== Data extract ==
_ _ _ _ _
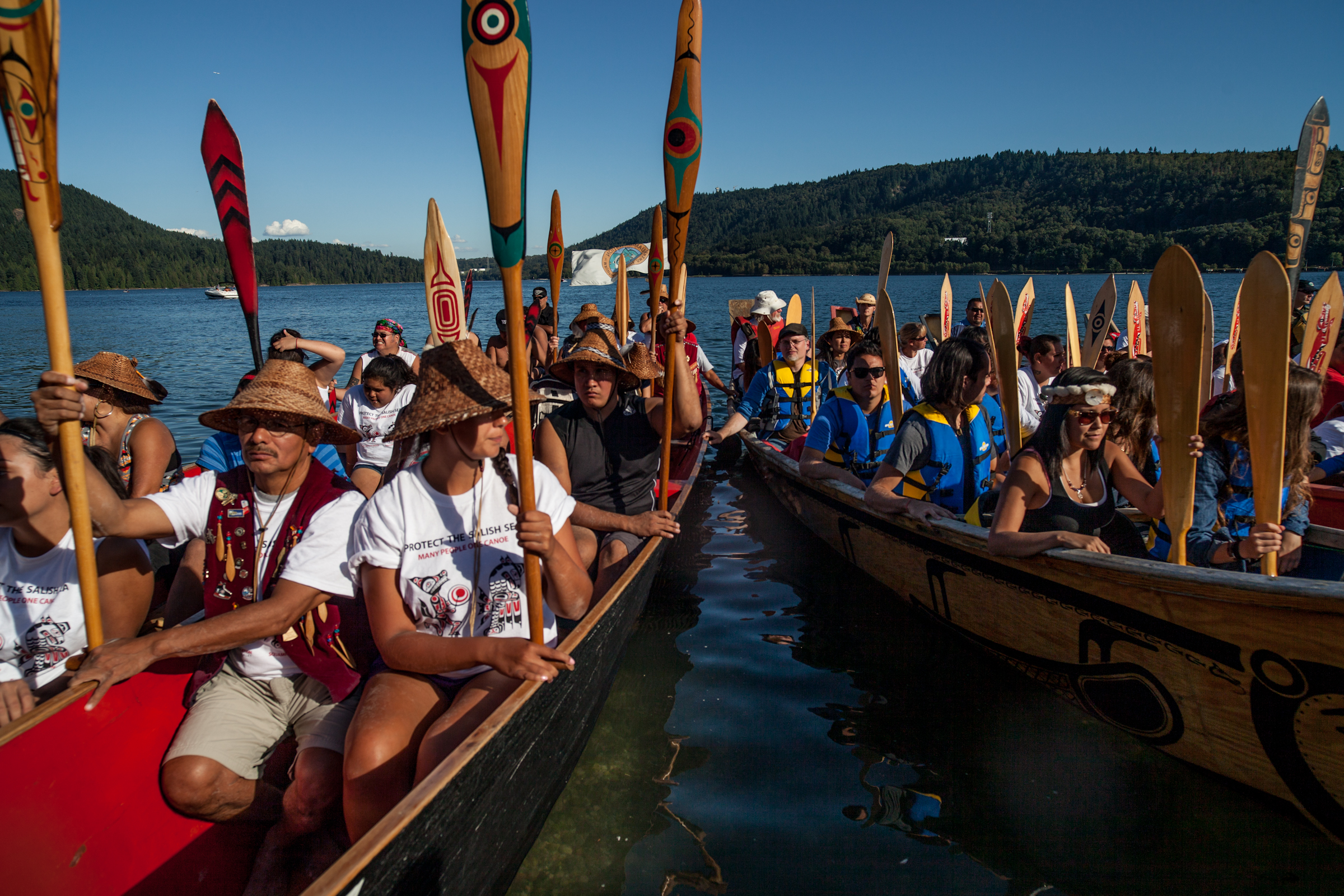 Paddlers from Squamish and Tsleil-Waututh nations journey between their territories in opposition to the Kinder Morgan pipeline expansion. Photo by Zack Embree
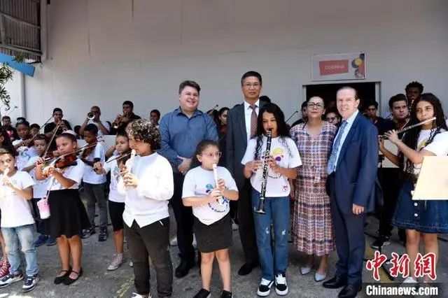 11月26日,巴西圣保罗佩鲁斯社区儿童民乐团演奏《友谊地久天长》。中国驻圣保罗总领事余鹏(二排左二)、巴西各界友人与小乐手合影。中新网
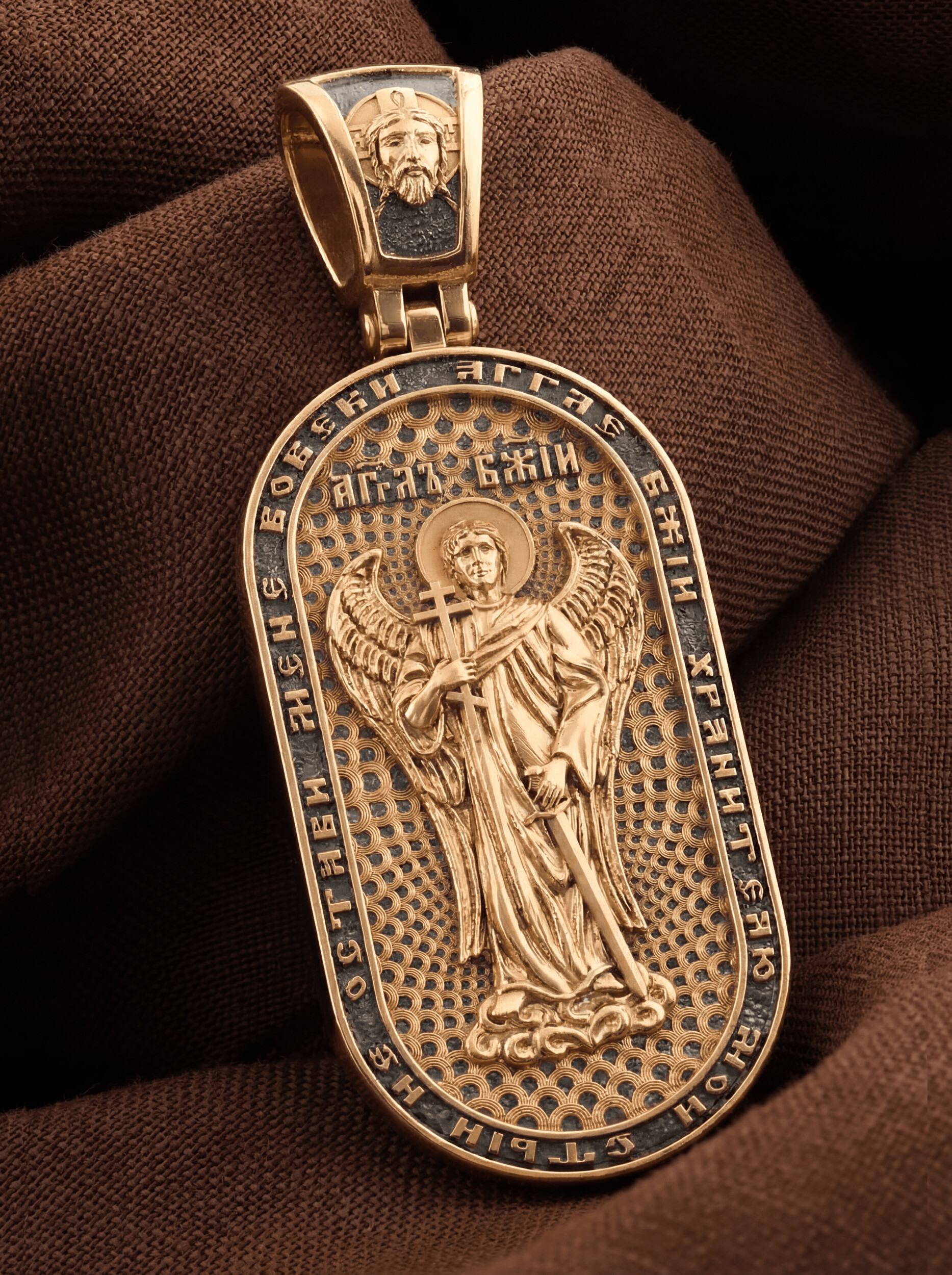 Основой композиции оборотной стороны является изображение Ангела Хранителя, который неотступно находится рядом с человеком, помогая, оберегая и наставляя его, а после смерти сопровождает его душу через мытарства. По контуру написана молитва: «Ангел Божий, хранителю мой святый, не остави мене вовеки». На кулонном кольце изображен Спас Нерукотворный — Символ вочеловечившегося Божества.
_ _ _ _ _
== Task requirements ==
Set down nothing but the lines from the one containing "11月26日,巴西圣保罗佩鲁" to the final line above, both included, with every picture left out.

== Finished exercise ==
 11月26日,巴西圣保罗佩鲁斯社区儿童民乐团演奏《友谊地久天长》。中国驻圣保罗总领事余鹏(二排左二)、巴西各界友人与小乐手合影。中新网
 Основой композиции оборотной стороны является изображение Ангела Хранителя, который неотступно находится рядом с человеком, помогая, оберегая и наставляя его, а после смерти сопровождает его душу через мытарства. По контуру написана молитва: «Ангел Божий, хранителю мой святый, не остави мене вовеки». На кулонном кольце изображен Спас Нерукотворный — Символ вочеловечившегося Божества.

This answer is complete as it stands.